**** Supplied data

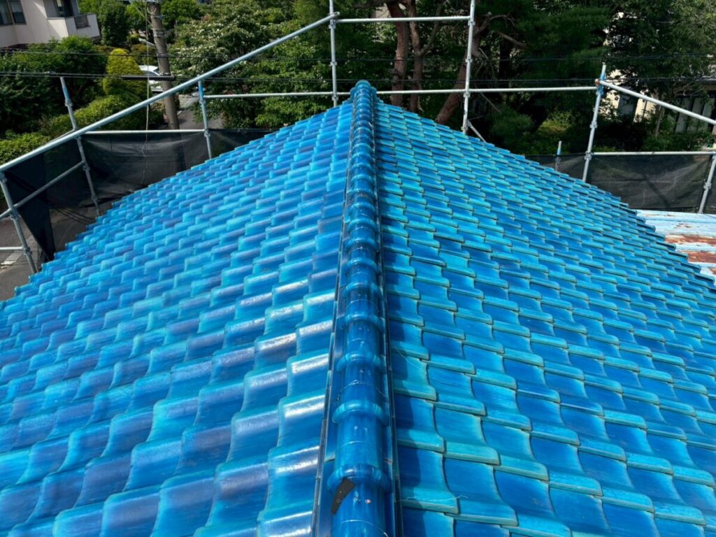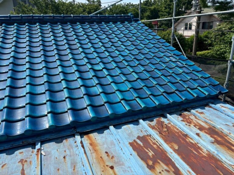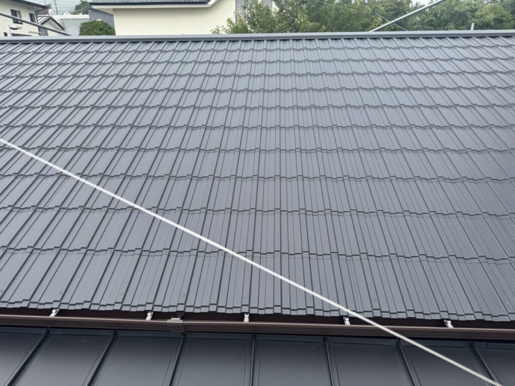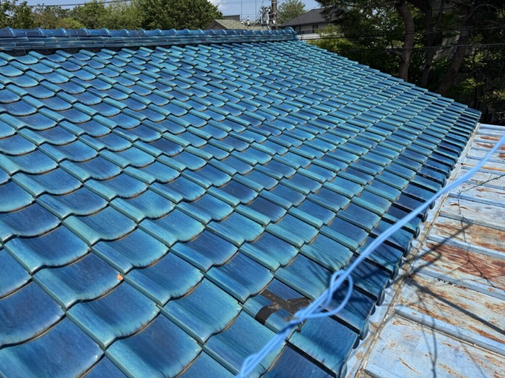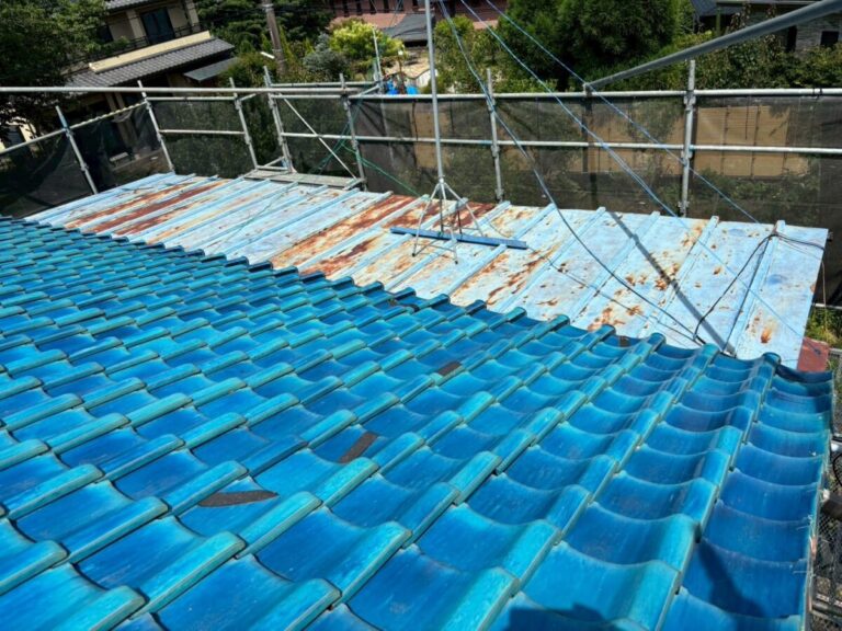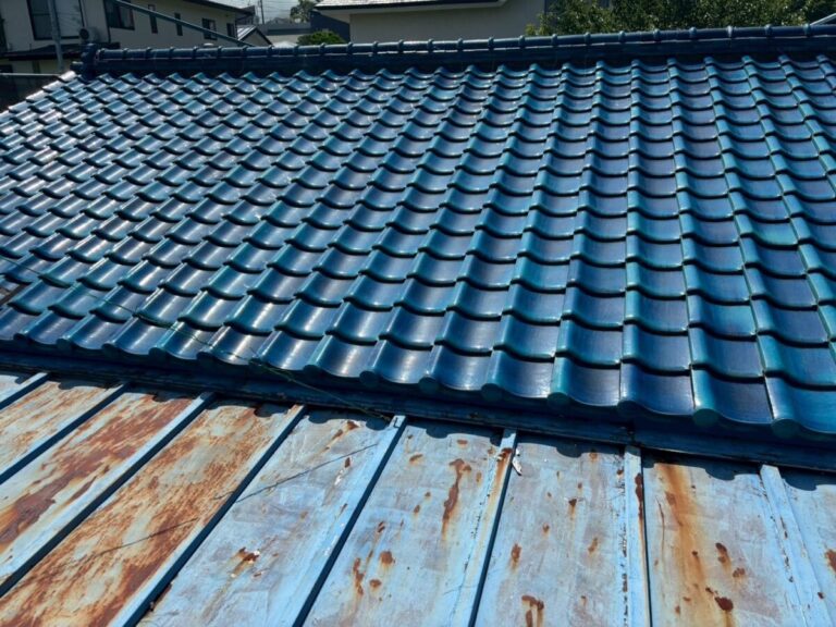 静岡県伊東市で平屋の屋根瓦を撤去して、瓦調ガルバリウム鋼板の屋根に重ね葺き工事をおこないました。
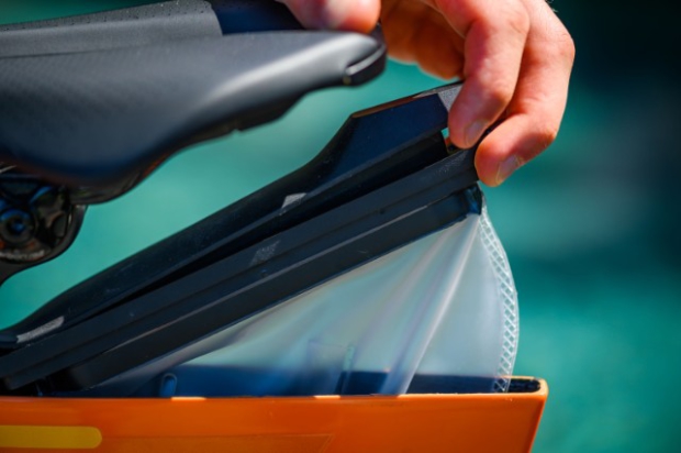The Hydration Fuelcell is hidden from the wind inside the fin shaped foil behind the seat tube.
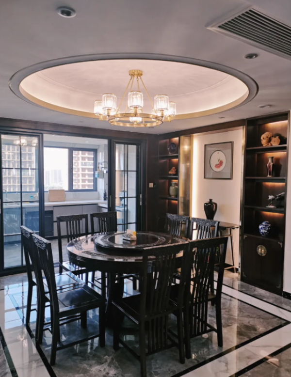 餐廳以“天圓地方”做布局,頂面做30公分的圓形吊頂,以香檳色不銹鋼條+金屬條點綴,正好與8人圓餐桌相融合。
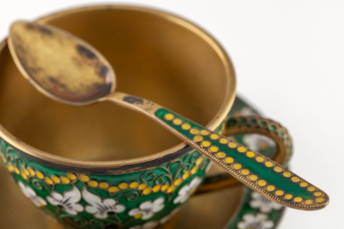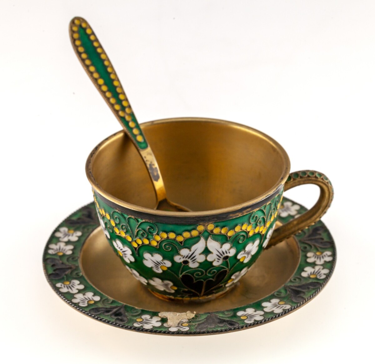 Sovietico russo dorato 916 smalto argento cloissone tazza di te, piattino e cucchiaio degli anni '50

********

• **About this exercise**
Copy the listing character for character, pictures omitted.

• **Answer to this task**
 静岡県伊東市で平屋の屋根瓦を撤去して、瓦調ガルバリウム鋼板の屋根に重ね葺き工事をおこないました。
The Hydration Fuelcell is hidden from the wind inside the fin shaped foil behind the seat tube.
 餐廳以“天圓地方”做布局,頂面做30公分的圓形吊頂,以香檳色不銹鋼條+金屬條點綴,正好與8人圓餐桌相融合。
 Sovietico russo dorato 916 smalto argento cloissone tazza di te, piattino e cucchiaio degli anni '50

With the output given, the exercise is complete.